# Work item
Write out the stretch of lines below that begins at the line with "在开幕式重要环节中,大会组委" and ends at the line with "AK Parti karşıtı", including both, exactly as given and nothing more.

# Entries provided
+-------+
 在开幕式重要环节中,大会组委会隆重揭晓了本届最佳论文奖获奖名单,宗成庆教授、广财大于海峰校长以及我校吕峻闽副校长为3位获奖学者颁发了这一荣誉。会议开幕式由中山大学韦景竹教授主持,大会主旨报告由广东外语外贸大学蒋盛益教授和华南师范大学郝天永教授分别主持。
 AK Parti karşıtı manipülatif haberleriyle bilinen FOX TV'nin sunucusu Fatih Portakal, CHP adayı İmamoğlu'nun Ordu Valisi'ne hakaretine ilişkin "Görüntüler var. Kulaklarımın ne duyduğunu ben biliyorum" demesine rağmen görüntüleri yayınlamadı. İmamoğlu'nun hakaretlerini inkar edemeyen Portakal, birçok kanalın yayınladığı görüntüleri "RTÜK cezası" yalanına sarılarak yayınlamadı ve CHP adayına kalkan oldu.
+-------+
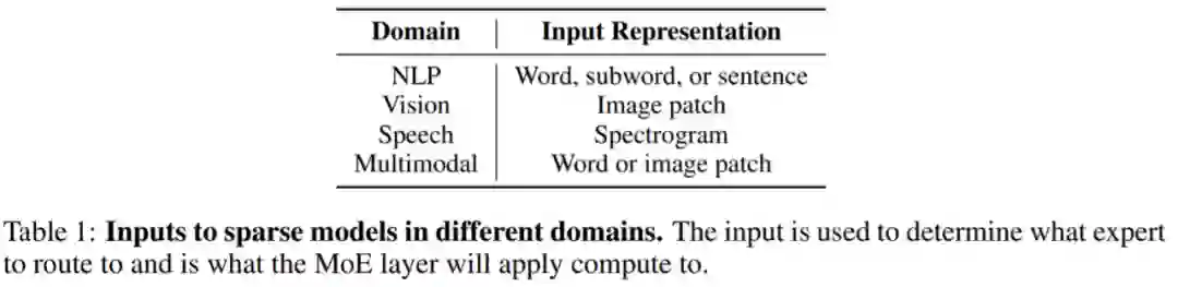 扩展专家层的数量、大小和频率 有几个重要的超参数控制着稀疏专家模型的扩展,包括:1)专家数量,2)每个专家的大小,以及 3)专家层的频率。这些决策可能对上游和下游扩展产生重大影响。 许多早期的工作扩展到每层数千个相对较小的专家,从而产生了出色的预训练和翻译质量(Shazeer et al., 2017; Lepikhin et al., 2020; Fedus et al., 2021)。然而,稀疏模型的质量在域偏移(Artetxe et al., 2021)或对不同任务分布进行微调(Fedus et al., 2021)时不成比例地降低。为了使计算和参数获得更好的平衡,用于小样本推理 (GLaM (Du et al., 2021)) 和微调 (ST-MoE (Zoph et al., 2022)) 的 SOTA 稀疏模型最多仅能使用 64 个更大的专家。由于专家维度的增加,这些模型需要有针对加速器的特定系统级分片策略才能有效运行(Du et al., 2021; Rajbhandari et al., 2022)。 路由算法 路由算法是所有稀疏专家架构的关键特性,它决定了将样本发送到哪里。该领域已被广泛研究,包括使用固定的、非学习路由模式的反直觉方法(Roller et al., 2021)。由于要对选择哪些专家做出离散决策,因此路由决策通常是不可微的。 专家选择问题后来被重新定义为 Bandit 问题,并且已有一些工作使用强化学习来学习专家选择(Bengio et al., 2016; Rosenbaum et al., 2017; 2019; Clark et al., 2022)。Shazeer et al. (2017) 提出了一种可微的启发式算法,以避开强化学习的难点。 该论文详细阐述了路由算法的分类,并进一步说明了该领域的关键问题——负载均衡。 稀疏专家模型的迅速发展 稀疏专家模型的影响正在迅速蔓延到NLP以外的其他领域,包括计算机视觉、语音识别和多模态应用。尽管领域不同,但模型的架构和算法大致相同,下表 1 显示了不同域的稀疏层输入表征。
+-------+
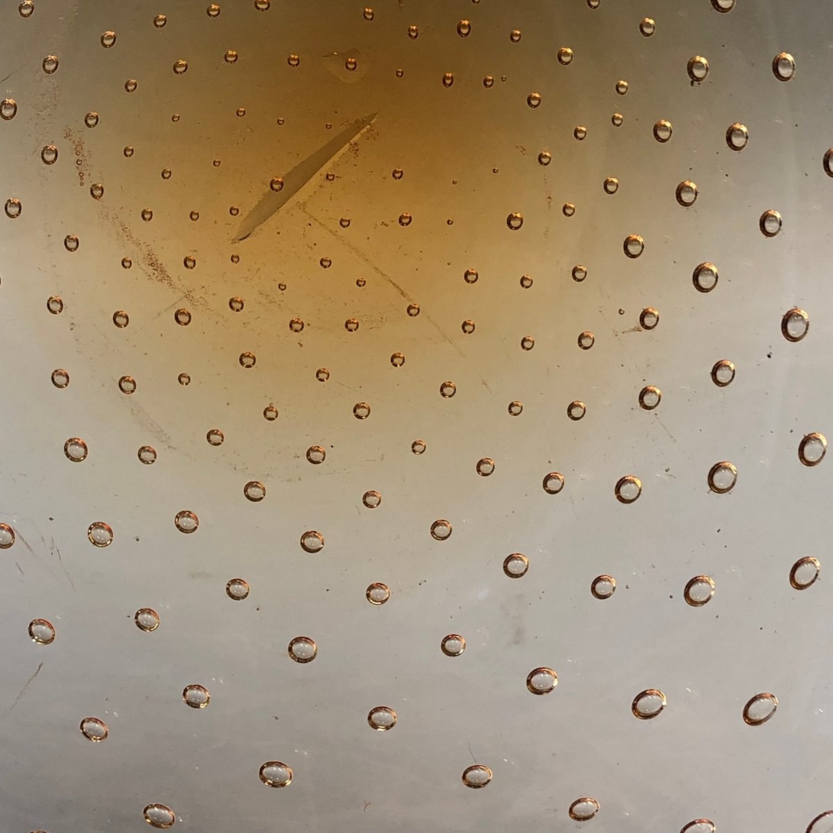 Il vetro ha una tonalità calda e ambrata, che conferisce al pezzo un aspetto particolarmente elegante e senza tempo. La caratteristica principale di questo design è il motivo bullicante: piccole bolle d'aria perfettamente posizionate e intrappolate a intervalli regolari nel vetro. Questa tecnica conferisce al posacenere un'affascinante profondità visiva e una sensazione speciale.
+-------+
# Reply to the task
 在开幕式重要环节中,大会组委会隆重揭晓了本届最佳论文奖获奖名单,宗成庆教授、广财大于海峰校长以及我校吕峻闽副校长为3位获奖学者颁发了这一荣誉。会议开幕式由中山大学韦景竹教授主持,大会主旨报告由广东外语外贸大学蒋盛益教授和华南师范大学郝天永教授分别主持。
 AK Parti karşıtı manipülatif haberleriyle bilinen FOX TV'nin sunucusu Fatih Portakal, CHP adayı İmamoğlu'nun Ordu Valisi'ne hakaretine ilişkin "Görüntüler var. Kulaklarımın ne duyduğunu ben biliyorum" demesine rağmen görüntüleri yayınlamadı. İmamoğlu'nun hakaretlerini inkar edemeyen Portakal, birçok kanalın yayınladığı görüntüleri "RTÜK cezası" yalanına sarılarak yayınlamadı ve CHP adayına kalkan oldu.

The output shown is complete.